Dataset excerpt -
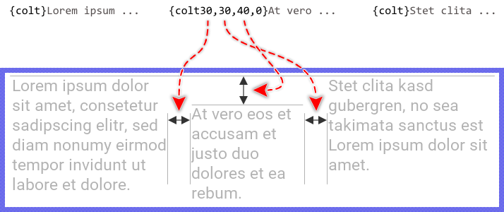 The operands for the left and right margins can alternatively be expressed in percent of the original column width. This can be achieved by simply appending the % (percent) sign at the corresponding decimal number. For example, the attribute {colt10%,10%,5,5} calculates for the left and the right margins with 10 % of the entire column width. The remaining 80 % are occupied by the actual content of the column. Please note, that this alternative notation is not applicable to the upper and bottom margins, which can be expressed only in pixel.
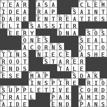ACROSS 1. Lacerate 5. White ___ sheet 8. Clement's nick name 12. The content of cognition 13. Strike 14. Inhabitant of Heaven 15. Have the gumption 16. Pleas 19. Connecticut Ivy Leaguer 20. More lively and spirited 21. Suggestive of the supernatural 23. Heredity factor (abbr.) 24. Distress signal 27. Washington bills 30. Lick closed 31. Oak nuts 34. "Beetle Bailey" pooch 35. Airtight sealed metal containers 38. Sibling's daughter 40. American tennis player Robert 41. Carrot, for example 42. A viewer who gazes fixedly 44. Conclusions 45. Falsehood 46. Compass dir. 47. Atlas unit 50. Neighbor of Neb. 53. Motivate 57. River (Sp.) 59. Supplementary 63. Drawstring 64. Go after with the intent to catch 65. Baking dish 66. Among 67. Assistant 68. Conclude 69. Zero-star reviews DOWN 1. Periodic rise and fall of the sea level 2. Peak District village in England 3. Nest on high 4. Actress Charlotte 5. Length times width 6. Without 7. Flats, for short 8. Feline 9. Cards in a Roman deck? 10. Compass dir. 11. Mountains (abbr.) 14. "Two Mules for Sister ____" 17. To free from 18. Car or cant ending 20. Synchronize (abbr.) 22. Exposes to great heat 24. Puts into a specified state 25. Pledge 26. _ gin 28. Period of immesurable duration 29. Indian titles of respect 30. Flew 32. Fish or hair follower 33. Leave at once 35. Family _ (genealogy) 36. Charged particles 37. Thickened enlargement 39. Epoch 43. Otherwise 47. Place where flour is made 48. One (Scot) 49. Pacific Standard Time (abbr.) 51. Scent 52. Japanese brewing company 54. Corncob 55. "Terrible" tsar 56. Tear apart 58. Probability 59. R.R. building 60. RI univ. 61. Writing tablet 62. Sliced dessert 63. Head covering
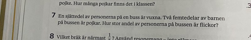 eftersom en sjätte del av personerna på bussen är vuxna så innebär det att resten är barn och utav denna rest så är två femtedelar pojkar. Först försök att ta reda på denna som jag berättade om innan.
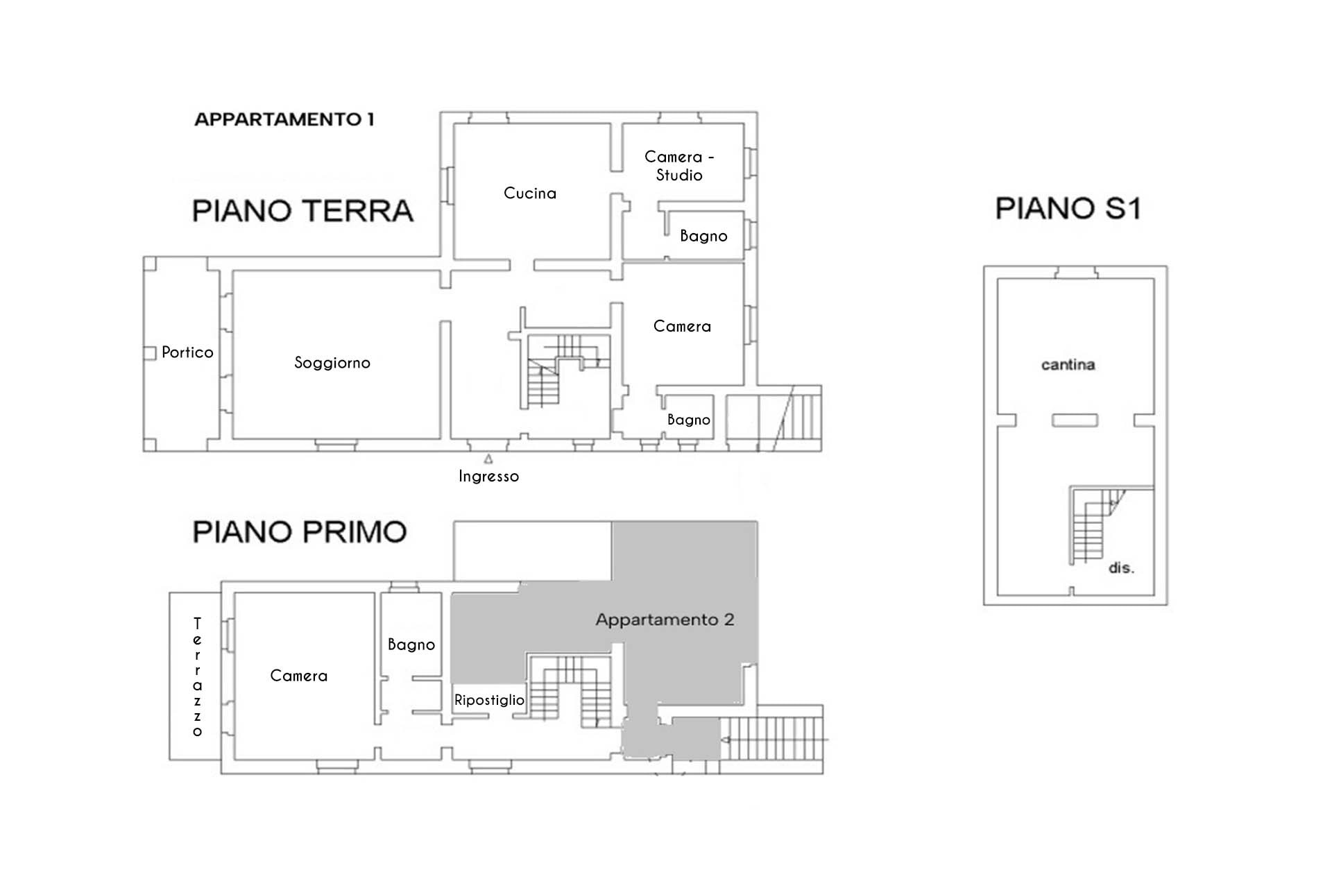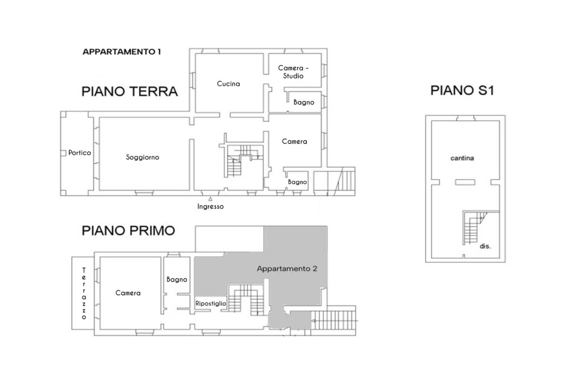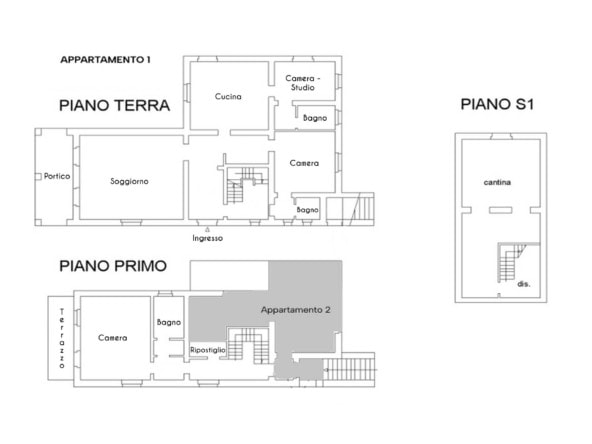 The first floor is also accessible via an external terracotta staircase and has a second kitchen: an ideal solution for guests and independent management.

Task goal - Please write out the lines above exactly, from the one that contains "eftersom en sjätte" through the final line, and include none of the pictures.

Completed exercise -
 eftersom en sjätte del av personerna på bussen är vuxna så innebär det att resten är barn och utav denna rest så är två femtedelar pojkar. Först försök att ta reda på denna som jag berättade om innan.
 The first floor is also accessible via an external terracotta staircase and has a second kitchen: an ideal solution for guests and independent management.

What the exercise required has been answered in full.